→ **Collected material**:
□ □ □ □

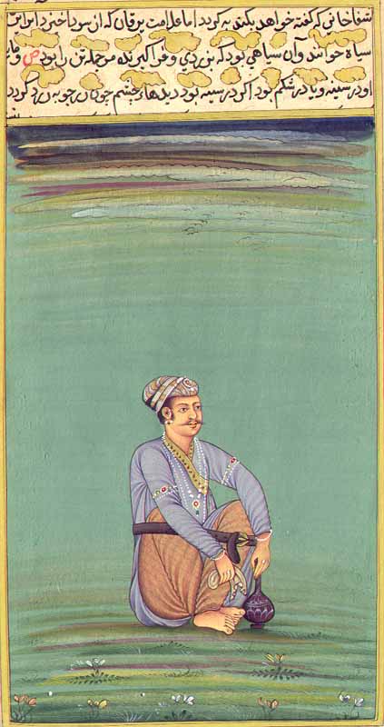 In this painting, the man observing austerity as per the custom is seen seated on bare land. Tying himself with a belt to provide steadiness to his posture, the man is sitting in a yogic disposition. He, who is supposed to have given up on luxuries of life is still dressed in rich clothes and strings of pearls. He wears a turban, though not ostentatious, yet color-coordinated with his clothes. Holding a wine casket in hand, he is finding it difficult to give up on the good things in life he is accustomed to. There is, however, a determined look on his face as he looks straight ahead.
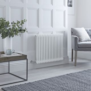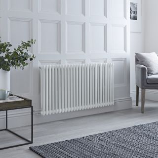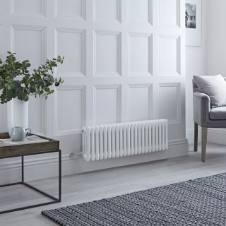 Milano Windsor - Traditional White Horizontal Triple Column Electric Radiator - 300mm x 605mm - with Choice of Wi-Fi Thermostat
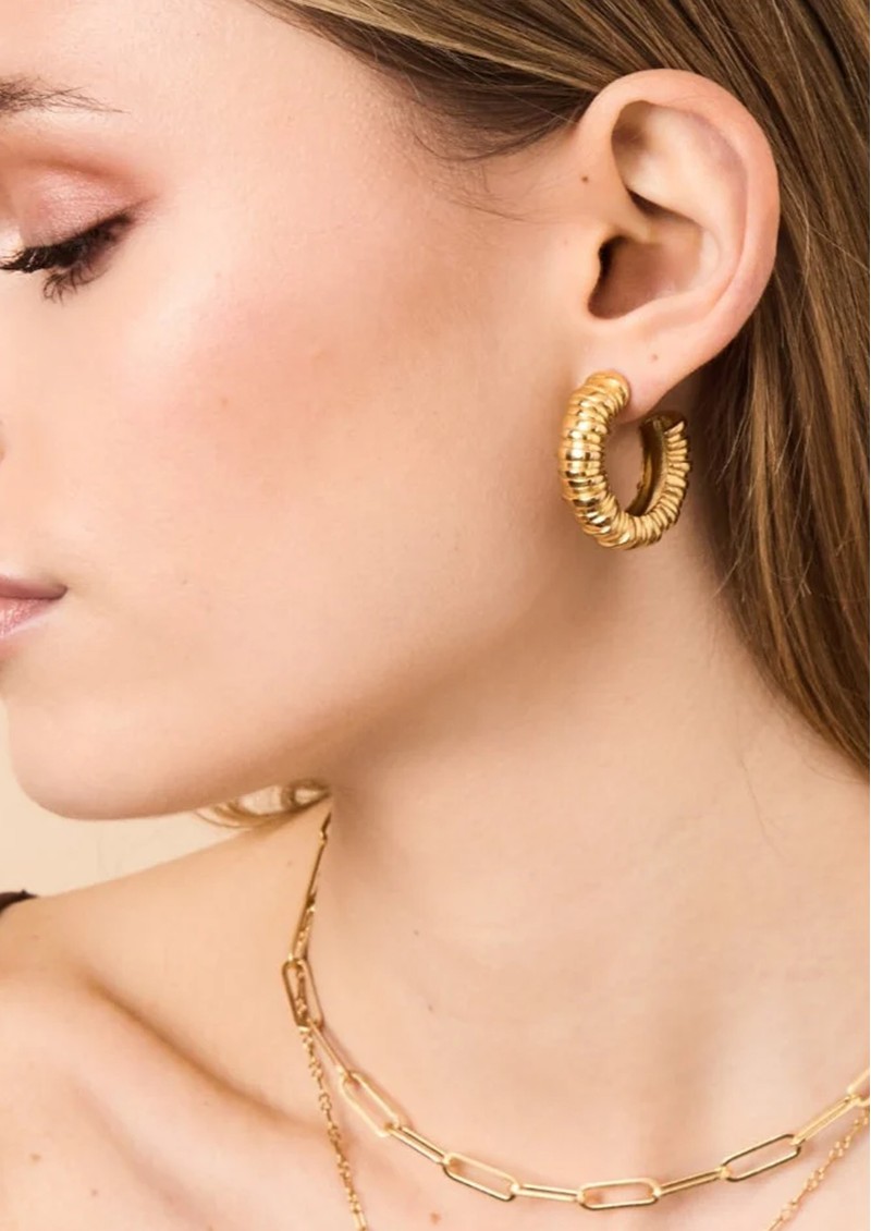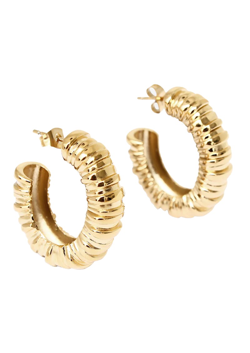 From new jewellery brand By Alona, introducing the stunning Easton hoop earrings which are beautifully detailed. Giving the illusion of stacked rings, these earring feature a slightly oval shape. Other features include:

□ □ □ □

→ **Work request**:
Transcribe, word for word, only the material from its opening line through the line containing "Milano Windsor - Traditional", both ends included, and omit the pictures.

→ **Response area**:
 In this painting, the man observing austerity as per the custom is seen seated on bare land. Tying himself with a belt to provide steadiness to his posture, the man is sitting in a yogic disposition. He, who is supposed to have given up on luxuries of life is still dressed in rich clothes and strings of pearls. He wears a turban, though not ostentatious, yet color-coordinated with his clothes. Holding a wine casket in hand, he is finding it difficult to give up on the good things in life he is accustomed to. There is, however, a determined look on his face as he looks straight ahead.
 Milano Windsor - Traditional White Horizontal Triple Column Electric Radiator - 300mm x 605mm - with Choice of Wi-Fi Thermostat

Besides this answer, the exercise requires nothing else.